Zurich looked at his commlink at the datafeed from his microskimmer. “Anyone else get the feeling we’re looking for a needle in a couple of hundred haystacks? What if he’s not even here any—” He stumbled as a wave hit the boat. “—ulp—‘scuse me—” He leaned over the gunwale and opened his mouth to throw up, then yelled in pain and staggered backwards. 8-Ball stared at him, and saw the finned tail of a flechette protruding from his cheek, which was bleeding profusely.

“Shit!” he yelled, as Zurich keeled over. “The bastard must—”

Mute turned around, and kicked her boosted reflexes into high gear so that the world seemed to slow down as if its batteries were running low.

“—beee riii—g”

She flung off her vest and hastily grabbed her spear gun.“—tuuunnndddrrruuusss—”

—and dived into the sea, activating the oxygenating spell tattooed on her body in the same instant as Thresher’s heatseeker rocket hit the Nightrunner’s engine and the explosion blew the stern of the boat to splinters.




Magnusson looked around the hide—an artfully camouflaged tent roughly the size of a small van, with the cameras and other gear leaving just enough floor space for a troll-sized inflated mattress and sleeping bag. It didn’t quite have the aura of a happy home, but there was no astral residue from violence or death inside the shelter, suggesting that Thresher probably had never found the place and that Santos had left it voluntarily…and probably not very long before his murder, if Magnusson was any judge. The scientific equipment still had the psychic patina of something often used with great care as well as eagerness, and even a certain degree of love. As he left the shelter, trying to follow the faint astral impressions of Santos’s footprints, the professor found himself regretting that he hadn’t known the parazoologist better.

He was halfway to the shore when the shock hit his astral body, sending it reeling in pain.




Mute drew her smartlinked Fukubi with her right hand, and scanned the area for a heat trace from Thresher’s weapons. She spotted the contrail from the rocket before she saw the well-disguised shape of her human target; Thresher had dropped the launcher tube and swum away from it, then unslung his M24A3 and fired.

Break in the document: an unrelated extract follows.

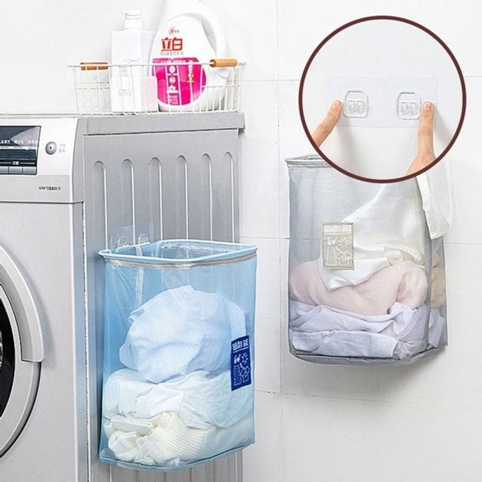 엄지척 빨래바구니 벽걸이 보관함 접이식 세탁 라탄 바구니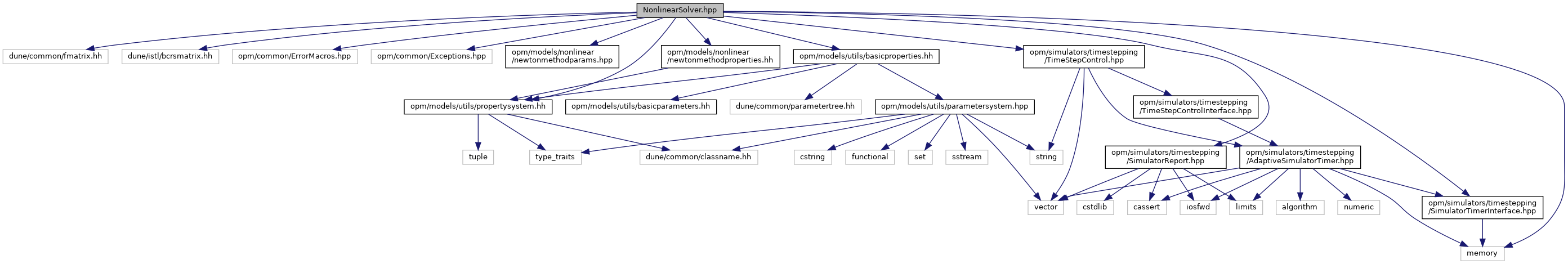 NonlinearSolver.hpp File Reference #include <dune/common/fmatrix.hh>#include <dune/istl/bcrsmatrix.hh>#include <opm/common/ErrorMacros.hpp>#include <opm/common/Exceptions.hpp>#include <opm/models/nonlinear/newtonmethodparams.hpp>#include <opm/models/nonlinear/newtonmethodproperties.hh>#include <opm/models/utils/propertysystem.hh>#include <opm/models/utils/basicproperties.hh>#include <opm/simulators/timestepping/SimulatorReport.hpp>#include <opm/simulators/timestepping/SimulatorTimerInterface.hpp>#include <opm/simulators/timestepping/TimeStepControl.hpp>#include <memory>

A needle-sharp flechette tore through Mute’s lightly armored bodysuit and into the flesh of her right shoulder. The rangefinder in her cybereyes told her that the SEAL was nearly fifty metres away, much too far for either of her weapons to be of much use; she returned fire with the Fukubi anyway, in the hope of spoiling his aim, but none of the shots came within a metre of hitting him, and they had lost most of their force before they even came close.

Thresher grinned as Mute swam towards him as fast as she could, weaving through the water like a dolphin and being careful to present the smallest possible target and squeezing off single shots in the hope of distracting him. She knew the carbine’s mag held thirty shots, but she could only hope that he didn’t have enough ammunition left that he could waste it. If she could just get close enough to fire the speargun …




8-Ball sprayed a bandage onto Zurich’s face, sealing the puncture made by the flechette and stopping the blood loss, then hooked the medkit up to his friend’s biomonitor before dragging him over to where Magnusson’s meatbody was floating. His inflated vest kept him the right way up, but he’d had to ditch his backpack, gunbelt and most of his weapons to keep his face above water. It hadn’t been an easy choice.